__DATA FOR THE TASK__:
=== Section Start ===

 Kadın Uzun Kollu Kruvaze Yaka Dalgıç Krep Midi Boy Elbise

=== Section End ===
=== Section Start ===

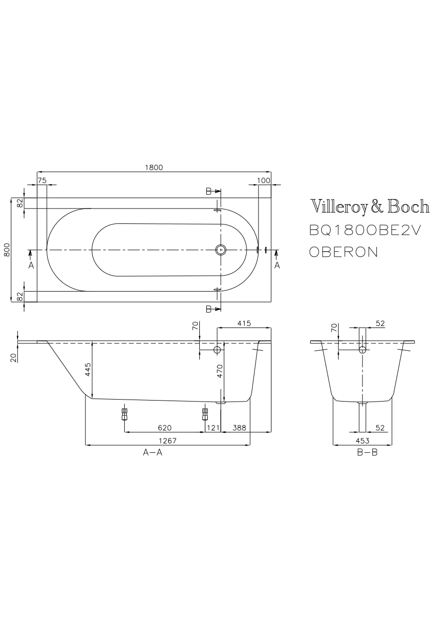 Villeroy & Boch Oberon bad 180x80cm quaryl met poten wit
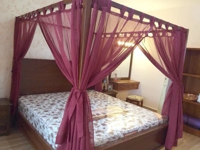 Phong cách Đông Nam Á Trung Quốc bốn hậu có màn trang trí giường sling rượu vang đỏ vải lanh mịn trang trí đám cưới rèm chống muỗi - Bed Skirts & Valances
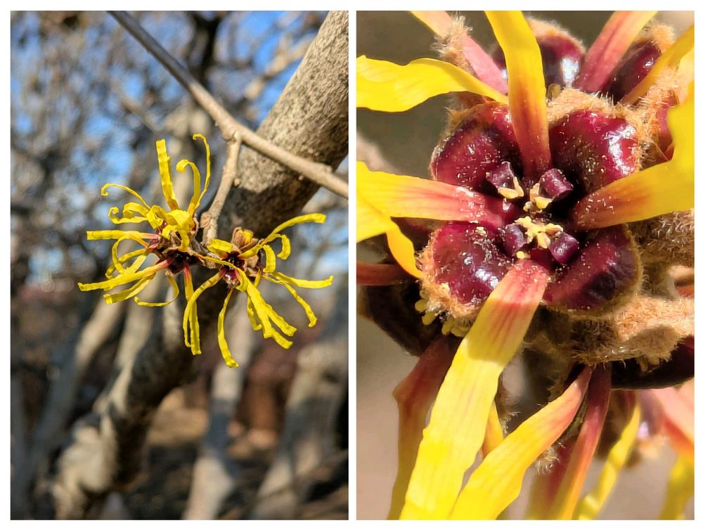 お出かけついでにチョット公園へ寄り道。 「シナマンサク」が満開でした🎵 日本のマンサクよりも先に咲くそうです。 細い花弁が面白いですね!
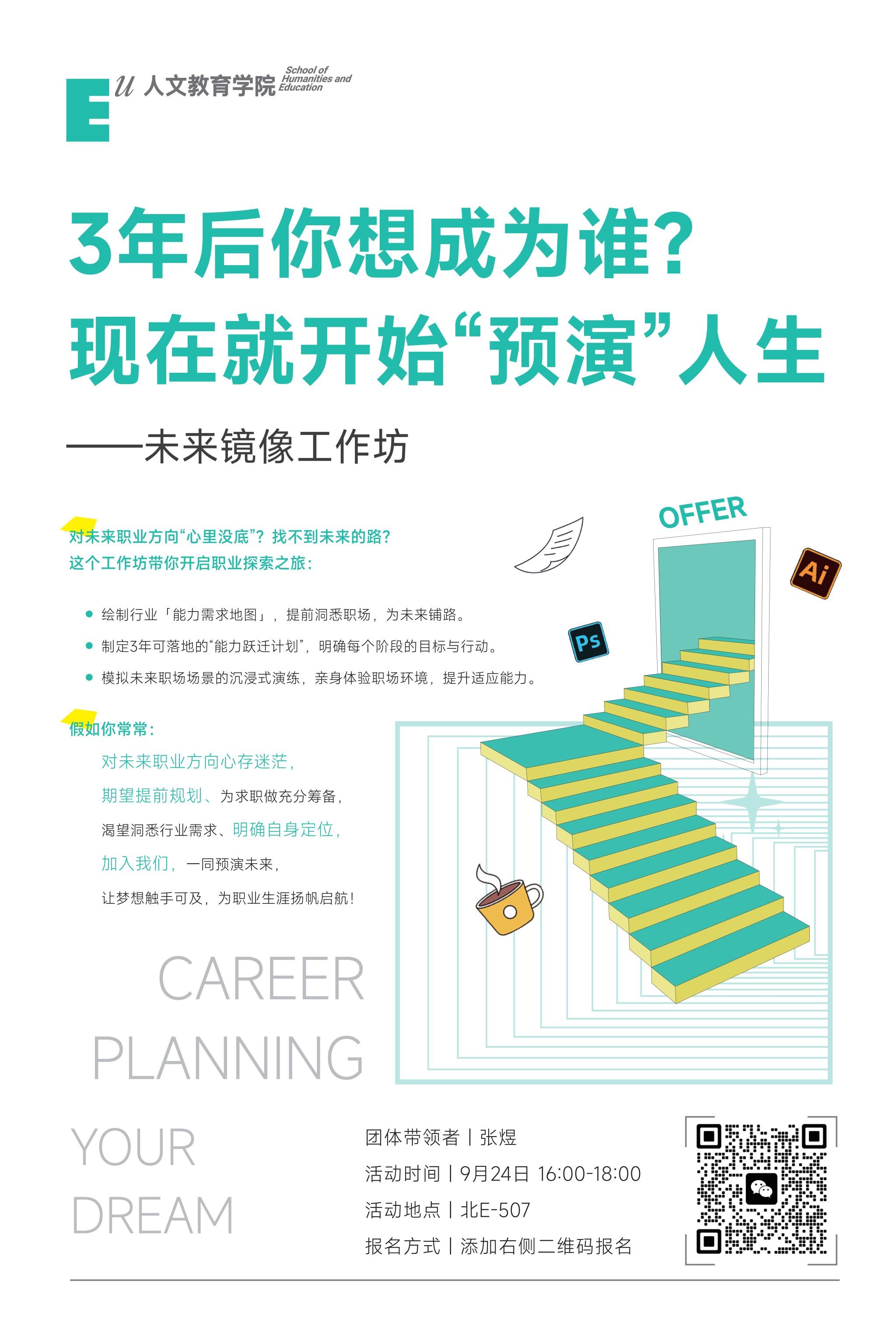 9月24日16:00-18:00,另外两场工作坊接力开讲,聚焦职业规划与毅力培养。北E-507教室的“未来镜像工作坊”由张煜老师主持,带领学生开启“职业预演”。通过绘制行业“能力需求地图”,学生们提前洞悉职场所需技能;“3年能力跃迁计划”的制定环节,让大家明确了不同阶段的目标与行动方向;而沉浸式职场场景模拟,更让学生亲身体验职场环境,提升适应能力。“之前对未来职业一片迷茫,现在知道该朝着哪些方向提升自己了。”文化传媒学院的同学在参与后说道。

=== Section End ===

__HOW TO COMPLETE THIS TASK__:
Find where the line with "Villeroy & Boch" sits in the material above and where the line with "9月24日16:00-18:00,另外两" sits. Set down exactly the lines from the first to the second, both included and nothing else, without pictures.

__ANSWER TO THIS TASK__:
 Villeroy & Boch Oberon bad 180x80cm quaryl met poten wit
 Phong cách Đông Nam Á Trung Quốc bốn hậu có màn trang trí giường sling rượu vang đỏ vải lanh mịn trang trí đám cưới rèm chống muỗi - Bed Skirts & Valances
 お出かけついでにチョット公園へ寄り道。 「シナマンサク」が満開でした🎵 日本のマンサクよりも先に咲くそうです。 細い花弁が面白いですね!
 9月24日16:00-18:00,另外两场工作坊接力开讲,聚焦职业规划与毅力培养。北E-507教室的“未来镜像工作坊”由张煜老师主持,带领学生开启“职业预演”。通过绘制行业“能力需求地图”,学生们提前洞悉职场所需技能;“3年能力跃迁计划”的制定环节,让大家明确了不同阶段的目标与行动方向;而沉浸式职场场景模拟,更让学生亲身体验职场环境,提升适应能力。“之前对未来职业一片迷茫,现在知道该朝着哪些方向提升自己了。”文化传媒学院的同学在参与后说道。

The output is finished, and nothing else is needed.